The pilot study aims to compare the results of using a new respirator (OPTIFLOW
TM-High-Flow-Machine) with those from Standard-Oxygen-Therapy during the stabilization of
patients who have been hospitalized due to acute heart failure. We expect a faster and more
effective stabilization after acute cardial decompensation among the patients with the
High-Flow-machine.

The study should show whether the use of High-Flow-Therapy leads to a relevant improvement
in terms of objective clinical parameters of heart failure like those for cardial-renal
syndrome, changes in the nt-pro-BNP, weight loss, changes in the diameter of the inferior
vena cava, in terms of the degree of shortness of breath and decompensation, and whether
subjective clinical symptoms like dyspnea and quality of life differ between the two groups
of patients.

The investigators see the primary outcome of the study as the improvement of the
cardial-renal syndrome as a sign of the more effective stabilisation compared to the
standard therapy. Furthermore, the investigators expect a quicker decrease in serum
creatinine and an improvement in the creatinine clearance through therapy with the
High-Flow-Machine.

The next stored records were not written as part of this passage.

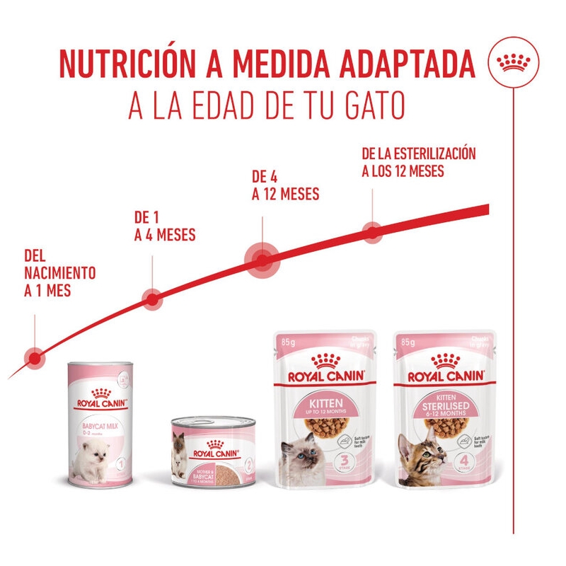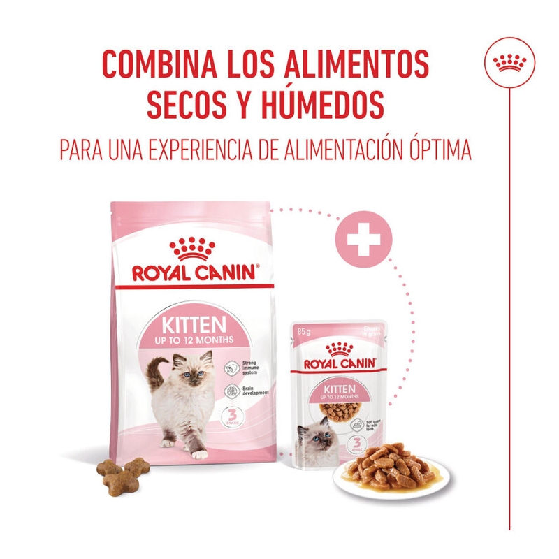 Para adaptarse a las preferencias individuales de cada gatito, Kitten de ROYAL CANIN® también está disponible en formato de alimento húmedo con deliciosa gelatina o como un suave y sabroso paté.
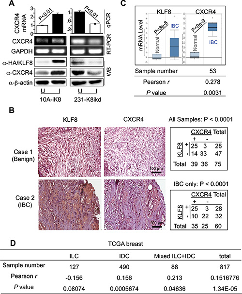 Figure 1: KLF8 upregulates CXCR4 expression associated with invasive potential. (A) Overexpression and knockdown of KLF8 induces and reduces CXCR4 expression in the 10A-iK8 and 231-K8ikd cells, respectively. Total RNA and protein lyaste were prepared from sub-confluent cells grown under uninduced (U) and doxycycline-induced (I) conditions. The levels of CXCR4 were determined by qRT–PCR (top graph), semi-quantitative RT–PCR (middle panel) or western blotting (bottom panel). Overexpression of HA-KLF8 and knockdown of KLF8 were examined by western blot. (B) Aberrant co-elevation of KLF8 and CXCR4 protein in the patient invasive breast carcinoma (IBC) tumors. IHC staining was performed for KLF8 or CXCR4 (brown) in the human breast cancer tissue microarray containing specimens in duplicate from 75 patient tumors or normal tissues. Images representing a benign sample negative for both KLF8 and CXCR4 (case 1) and an IBC sample positive for both KLF8 and CXCR4 (case 2) are shown. Correlation of CXCR4 and KLF8 expression is outlined in the tables. (C) Aberrant co-elevation of KLF8 and CXCR4 mRNA in the patient IBC tumors. Oncomine analysis was performed on an independent cohort of Finak dataset containing 6 normal and 53 IBC samples. Pearson’s correlation of KLF8 and CXCR4 was applied to Finak dataset downloaded from GEO (GSE9014). (D) The expression of KLF8 and CXCR4 is correlated in invasive breast cancers. RNA sequencing data downloaded from TCGA breast cancer (2015) were analyzed.
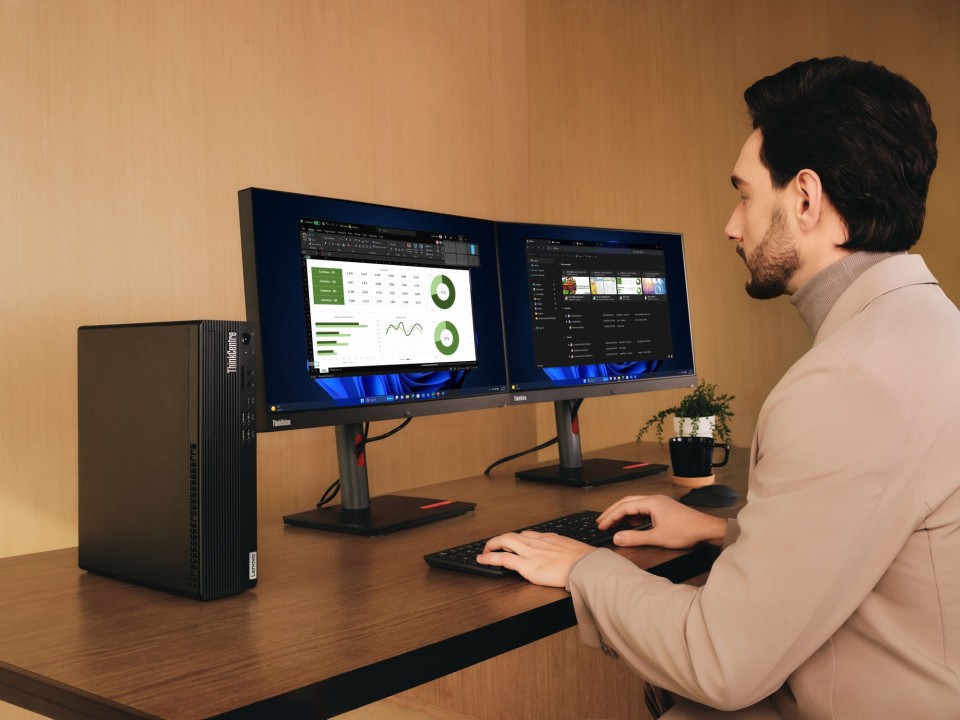 Progettati per il multitasking, il desktop tower ThinkCentre M75t Gen 5 e la versione small ThinkCentre M75s Gen 5 vantano un processore desktop AMD Ryzen PRO 8000 che aumenta la potenza delle prestazioni AI.
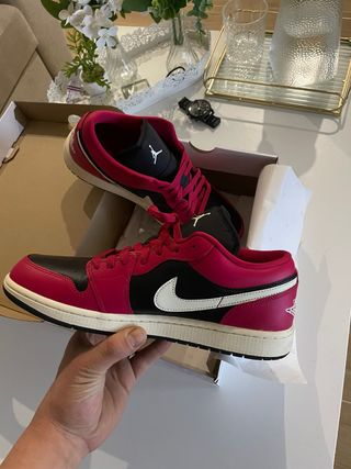 Zapatillas de corte bajo Nike Air Jordan 1. - Combinación de colores rojo y negro. - Detalle de Swoosh blanco. - Logo de Jordan en la lengüeta.
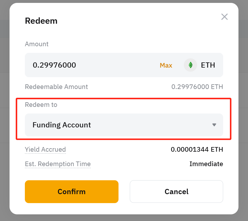 第 2 步:输入需要赎回的金额;或点击最大,赎回全部余额。
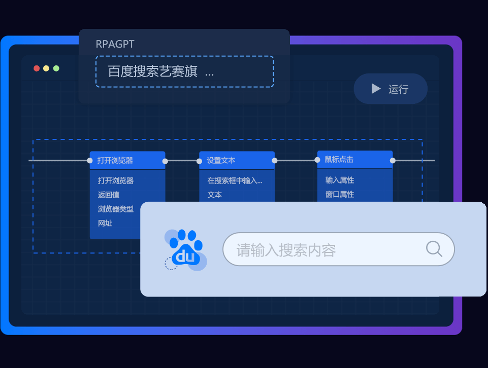 查看客户案例它为每个人提供了适用于自身的强大功能,易于上手,便于协作,能够支撑RPA项目快速落地。业务人员只要说出需求,系统就能自动生成流程;开发人员完全拖拉拽操作,丰富内置+自定义组件充分满足开发需求;高级开发者可以无缝打开PyCharm、VsCode,更有调试和Git等高阶功能,效率倍增;运维管理人员可以使用开放API接口打通多个系统,设计器支持Windows和UOS平台安装,且可以统一管理,灵活、安全、可控。
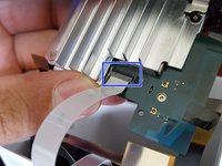 Unlock the connector by flipping the lock back to front. this flap is located closets to the heatsink
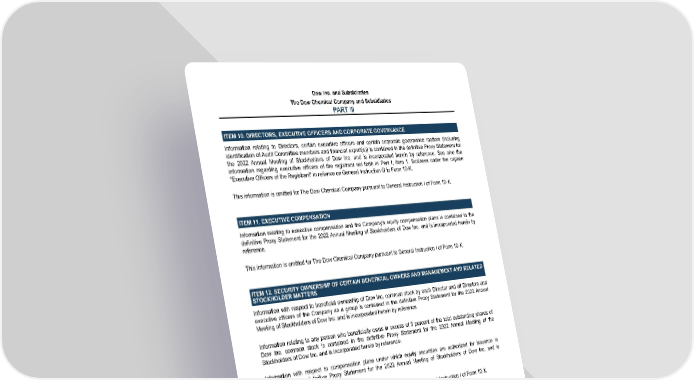 Dow Inc. and Subsidiaries The Dow Chemical Company and Subsidiaries PART III ITEM 10. DIRECTORS, EXECUTIVE OFFICERS AND CORPORATE GOVERNANCE Information relating to Directors, certain executive officers and certain corporate governance matters (including identification of Audit Committee members and financial expert(s)) is contained in the definitive Proxy Statement for the 2022 Annual Meeting of Stockholders of Dow Inc. and is incorporated herein by reference. See also the information regarding executive officers of the registrant set forth in Part I, Item 1. Business under the caption "Executive Officers of the Registrant" in reliance on General Instruction G to Form 10-K. This information is omitted for The Dow Chemical Company pursuant to General Instruction I of Form 10-K. ITEM 11. EXECUTIVE COMPENSATION Information relating to executive compensation and the Company's equity compensation plans is contained in the definitive Proxy Statement for the 2022 Annual Meeting of Stockholders of Dow Inc. and is incorporated herein by reference. This information is omitted for The Dow Chemical Company pursuant to General Instruction I of Form 10-K. ITEM 12. SECURITY OWNERSHIP OF CERTAIN BENEFICIAL OWNERS AND MANAGEMENT AND RELATED STOCKHOLDER MATTERS Information with respect to beneficial ownership of Dow Inc. common stock by each Director and all Directors and executive officers of the Company as a group is contained in the definitive Proxy Statement for the 2022 Annual Meeting of Stockholders of Dow Inc. and is incorporated herein by reference. Information relating to any person who beneficially owns in excess of 5 percent of the total outstanding shares of Dow Inc. common stock is contained in the definitive Proxy Statement for the 2022 Annual Meeting of the Stockholders of Dow Inc. and is incorporated herein by reference. Information with respect to compensation plans under which equity securities are authorized for issuance is contained in the definitive Proxy Statement for the 2022 Annual Meeting of Stockholders of Dow Inc. and is incorporated herein by reference. This information is omitted for The Dow Chemical Company pursuant to General Instruction I of Form 10-K. ITEM 13. CERTAIN RELATIONSHIPS AND RELATED TRANSACTIONS, AND DIRECTOR INDEPENDENCE Reportable relationships and related transactions, if any, as well as information relating to director independence are contained in the definitive Proxy Statement for the 2022 Annual Meeting of Stockholders of Dow Inc. and are incorporated herein by reference. This information is omitted for The Dow Chemical Company pursuant to General Instruction I of Form 10-K. 161
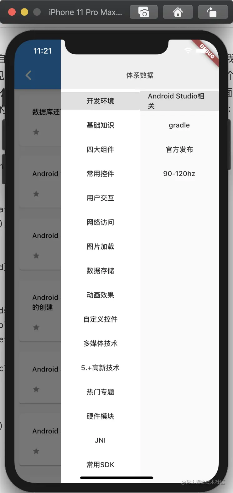 这里endDrawer方法是用来添加一个左滑菜单栏的,这里我们用来显示需要筛选的分类数据组件drawerSystem,该组件是由两个联动的列表组成的,同时在构造方法中,传人两个列表的点击时间,方便调用该组件的页面进行数据更新。这里要注意的是获取状态栏的高度和appbar的高度,还有我们要在endDrawer中自定义一个标题栏,但是endDrawer页面默认会有一个距离顶部的空白高度,我们要利用MediaQuery.removePadding方法来去掉顶部留白的部分,然后设置自己定义的标题栏。这里的appbar高度用常量kToolbarHeight来获取,MediaQuery.of(context).padding.top就是状态栏的高度,看到往上很多是直接写死,这样在不同的机型上面展示的效果会不一样的。 具体代码:
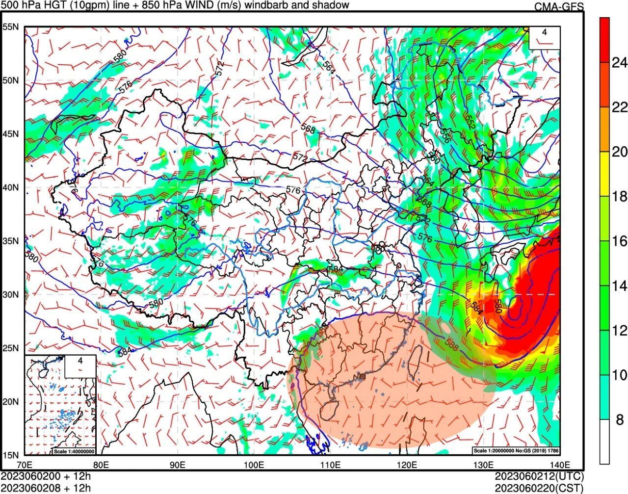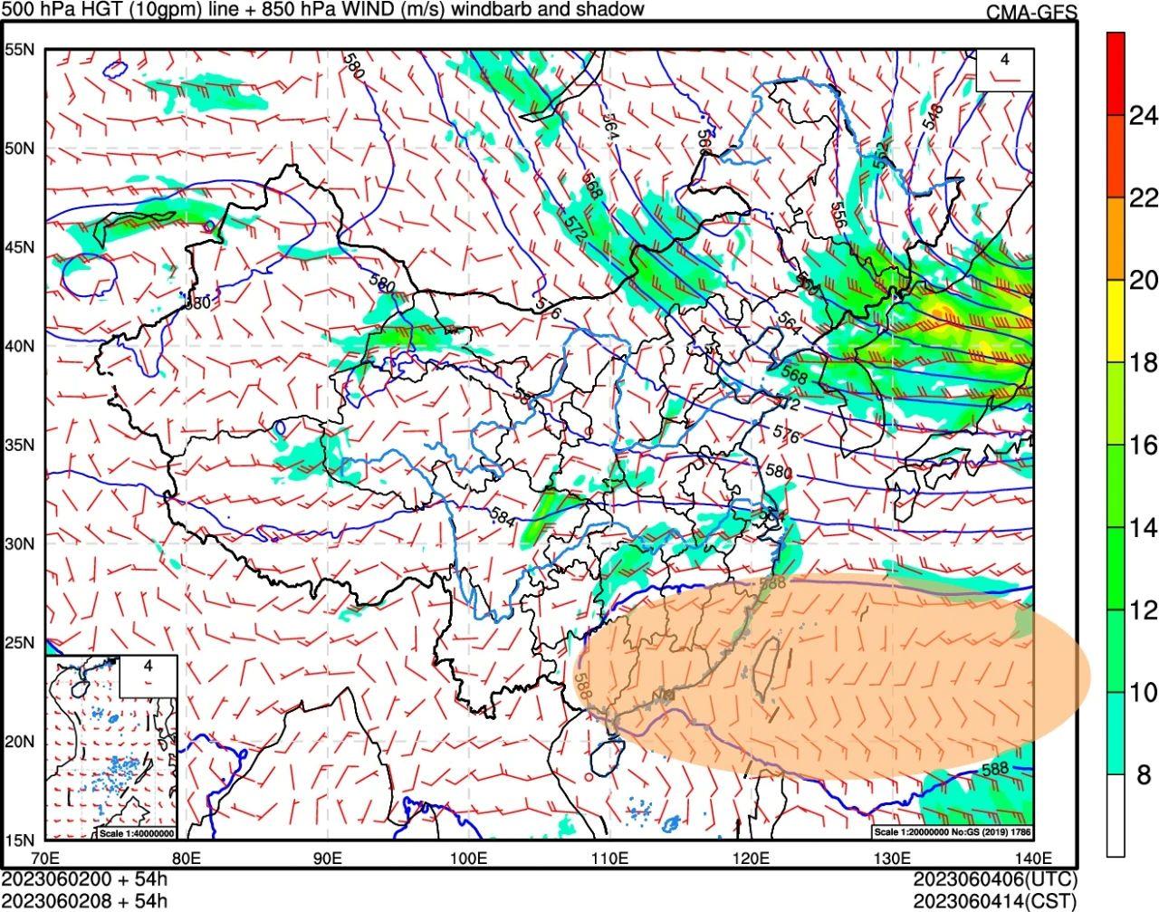 ▲从6月2日、4日500hPa高度场上可见副高主体位置大致位于橙圈区域。

In terms of secondary outcomes of the study, the investigators are
interested in also comparing e.g., the duration of hospital stays, 90-day mortality, and
rehospitalisation within three months. Here, the investigators expect a quicker improvement
in the subjective shortness of breath of the patients who are treated using the
Hifh-Flow-Machine. Moreover, we believe that along with the individual subjective
improvements (quality of life survey), the patients will experience a quicker release from
the hospital and in this way, lead to a healthcare economic improvement among patients with
repeated hospitalizations who usually have chronic problems.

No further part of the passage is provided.